Problem requirements:
Output every line below exactly, please, omitting pictures.

Given material:
* * * * * * * * *
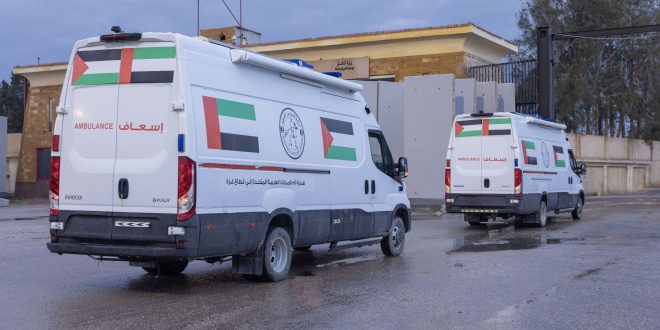 وتميّزت هذه القافلة بطابعها النوعي، إذ ضمّت كذلك 7 سيارات إسعاف وصهريج مياه واحد، بما يعزز قدرات الاستجابة الميدانية ويسهم في دعم الاحتياجات الأساسية، ضمن مسار الإسناد الإنساني الإماراتي المتواصل إلى داخل القطاع.
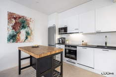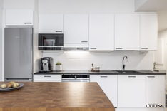 | Kuvaus: | Tyylikäs avokeittiö. Varusteina: rosterinen jääkaappi/pakastin, induktioliesi, erillisuuni, liesituuletin (suodatin), kalustemikro, astianpesukone, laminaattityötasot. Valoisa paikka ruokapöydälle. |
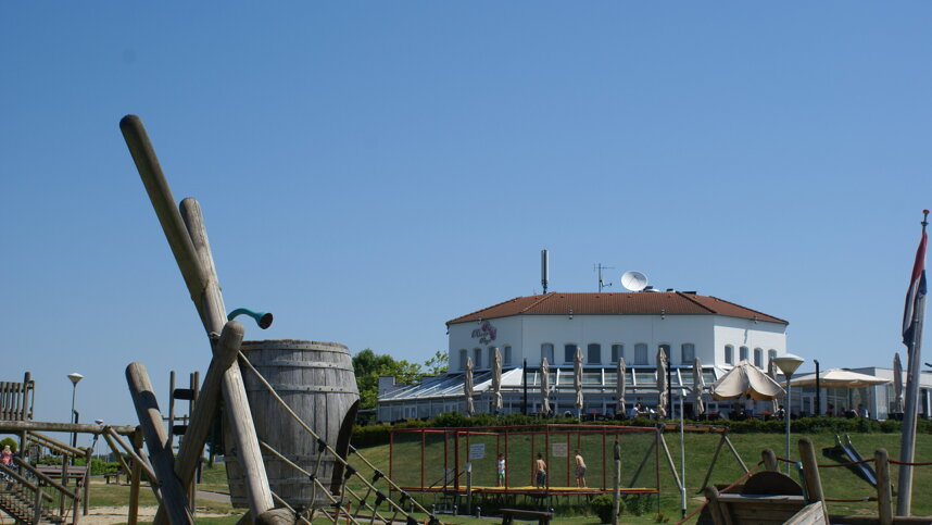 When staying on this interesting site, which is part of a resort complex, you know you are on holiday. The site is situated at the end of a peninsula, on a low lying spit of land and overlooks wild stretches of open water and the River Maas. There are 220 pitches, 88 of which are for touring. All have electricity (6-16A), water and drainage, are level, grassed and many are waterside – no pitch lies more than 60 m. from the water. There are numerous cycling routes from the site, either directly overland or via the passenger/cycle ferry that crosses the Maas.
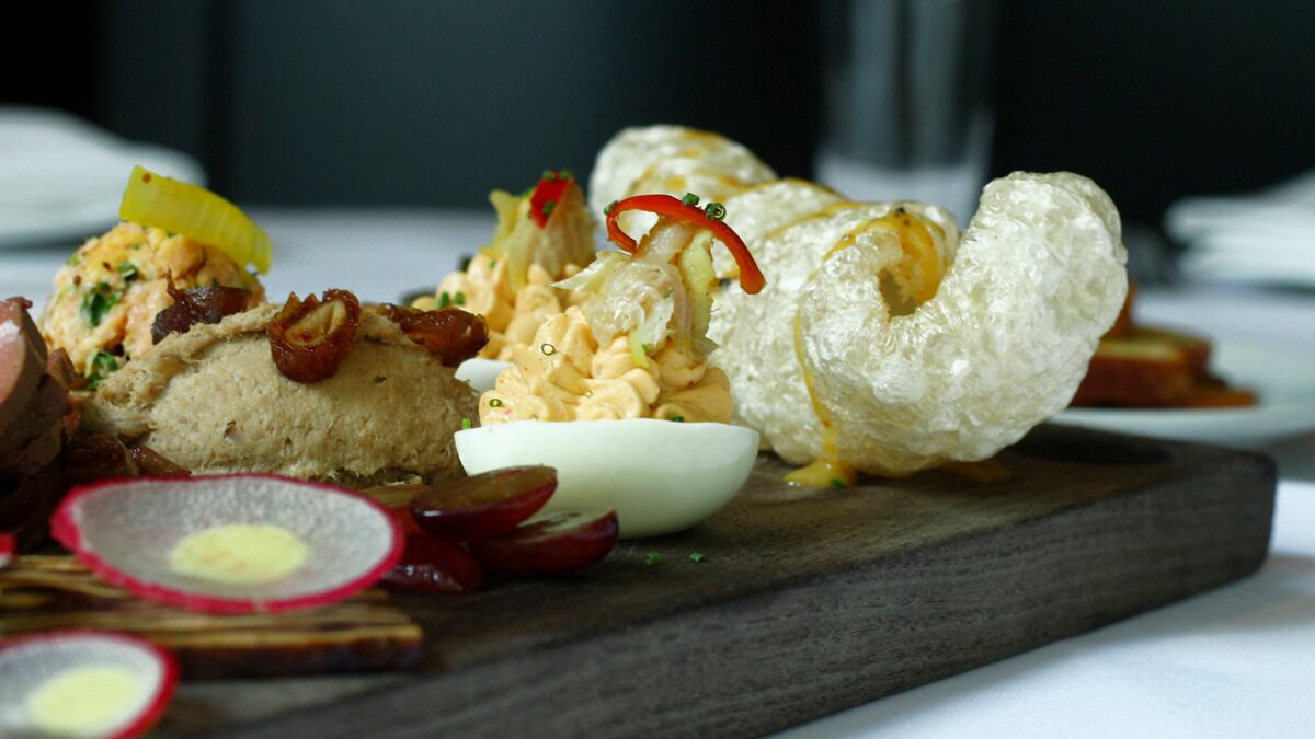 The restaurant's downtown dining room is best described in a word: sultry. Red leather booths line one wall beneath baskets of cascading big-leaved philodendrons and teardrop-shaped lights. A pair of large antlers marks the kitchen entrance, and metal-stamped ceiling tiles shine softly overhead.
* * * * * * * * *
Solution to this task:
 وتميّزت هذه القافلة بطابعها النوعي، إذ ضمّت كذلك 7 سيارات إسعاف وصهريج مياه واحد، بما يعزز قدرات الاستجابة الميدانية ويسهم في دعم الاحتياجات الأساسية، ضمن مسار الإسناد الإنساني الإماراتي المتواصل إلى داخل القطاع.
 | Kuvaus: | Tyylikäs avokeittiö. Varusteina: rosterinen jääkaappi/pakastin, induktioliesi, erillisuuni, liesituuletin (suodatin), kalustemikro, astianpesukone, laminaattityötasot. Valoisa paikka ruokapöydälle. |
 When staying on this interesting site, which is part of a resort complex, you know you are on holiday. The site is situated at the end of a peninsula, on a low lying spit of land and overlooks wild stretches of open water and the River Maas. There are 220 pitches, 88 of which are for touring. All have electricity (6-16A), water and drainage, are level, grassed and many are waterside – no pitch lies more than 60 m. from the water. There are numerous cycling routes from the site, either directly overland or via the passenger/cycle ferry that crosses the Maas.
 The restaurant's downtown dining room is best described in a word: sultry. Red leather booths line one wall beneath baskets of cascading big-leaved philodendrons and teardrop-shaped lights. A pair of large antlers marks the kitchen entrance, and metal-stamped ceiling tiles shine softly overhead.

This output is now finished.